Opus
- Type: Student newspaper
- Format: Tabloid
- Owner(s): Newcastle University Students' Association
- Editor-in-chief: Tyler Bridges (NUSA Media Officer, 2019- present)
- Founded: 1954
- Political alignment: Left-wing
- Language: English
- Headquarters: Callaghan, NSW
- Price: Free
- Website: OPUS MAGAZINE

= Opus (University of Newcastle magazine) =

Opus is a student newspaper published at the University of Newcastle, Australia by the Newcastle University Students' Association (NUSA). Opus was founded in 1954 by then economics lecturer Cyril Renwick, at what was then the Newcastle University College of the University of New South Wales, in the Newcastle suburb of Callaghan. Renwick proposed a student journal to promote student unity and expression. Teaming up with his secretary's husband, George Kirkby, the first edition of Opus was a four-page broadsheet newspaper replete with the refinement and formality of 1950s journalism.

The format and style of Opus has changed many times throughout its history. The 1970s the publications name was briefly changed to The Stockton Ferry. In a 1998 interview, the late emeritus Professor Godfrey Tanner explained that

"[The Stockton Ferry was] the brainchild of James Beisers and his co-editor who were into drug reform. The idea being that readers would be encouraged to take short trips after reading its contents."

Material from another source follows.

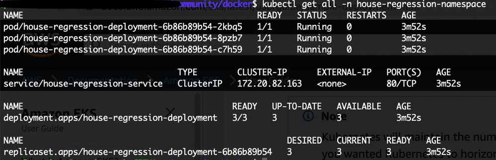 exposecommand to generate a Kubernetes service for the deployment.kubectl expose deployment house-regression-deployment -n house-regression-namespace --name=house-regression-external --type=LoadBalancer --port 80 --target-port 8080--portis the port number configured on the Load Balancer.--target-portis the port number that the deployment container is listening on.

A special edition of the magazine, released in 2002, and edited by BA graduate Matthew Glenn Ward commemorated the life of Godfrey Tanner, a prominent classics professor at the university who had died that year.

Opus takes its name from the former Newcastle City motto, finis coronat opus which is Latin for "completion crowns the work".

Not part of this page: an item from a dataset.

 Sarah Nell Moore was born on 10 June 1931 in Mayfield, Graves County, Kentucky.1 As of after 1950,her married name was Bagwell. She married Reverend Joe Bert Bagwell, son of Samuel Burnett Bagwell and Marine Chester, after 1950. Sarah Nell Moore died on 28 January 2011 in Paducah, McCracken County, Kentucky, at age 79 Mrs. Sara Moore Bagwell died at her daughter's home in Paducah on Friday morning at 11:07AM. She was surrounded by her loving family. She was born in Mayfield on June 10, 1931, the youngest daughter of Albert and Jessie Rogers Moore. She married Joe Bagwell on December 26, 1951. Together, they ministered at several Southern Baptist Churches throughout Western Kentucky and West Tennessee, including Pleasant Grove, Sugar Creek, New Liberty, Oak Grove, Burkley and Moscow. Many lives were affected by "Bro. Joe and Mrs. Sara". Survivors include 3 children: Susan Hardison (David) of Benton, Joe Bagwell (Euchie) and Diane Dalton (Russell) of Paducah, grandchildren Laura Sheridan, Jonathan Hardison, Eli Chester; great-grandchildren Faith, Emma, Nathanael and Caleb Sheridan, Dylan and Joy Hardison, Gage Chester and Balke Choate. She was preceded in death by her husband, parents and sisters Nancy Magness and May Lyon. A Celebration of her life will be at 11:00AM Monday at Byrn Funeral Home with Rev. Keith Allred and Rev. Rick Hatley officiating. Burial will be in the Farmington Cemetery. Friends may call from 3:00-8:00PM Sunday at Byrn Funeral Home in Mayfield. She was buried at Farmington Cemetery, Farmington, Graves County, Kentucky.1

The implementation of voluntary student unionism by the Howard government in 2006 had a significant impact on the viability of student media across Australia, compulsory student union membership fees having been the major source of income for most. Opus has been able to continue publishing despite the new law.

Opus was rebranded and relaunched in 2016 after a period of stagnation.

Opus is edited by the UNSA Media Officer and a team of volunteers.

In 2018, Opus became a newspaper again, published monthly.

In 2020, Opus was taken over by UNSA and returned to reoccurring magazine publication with online publication as well.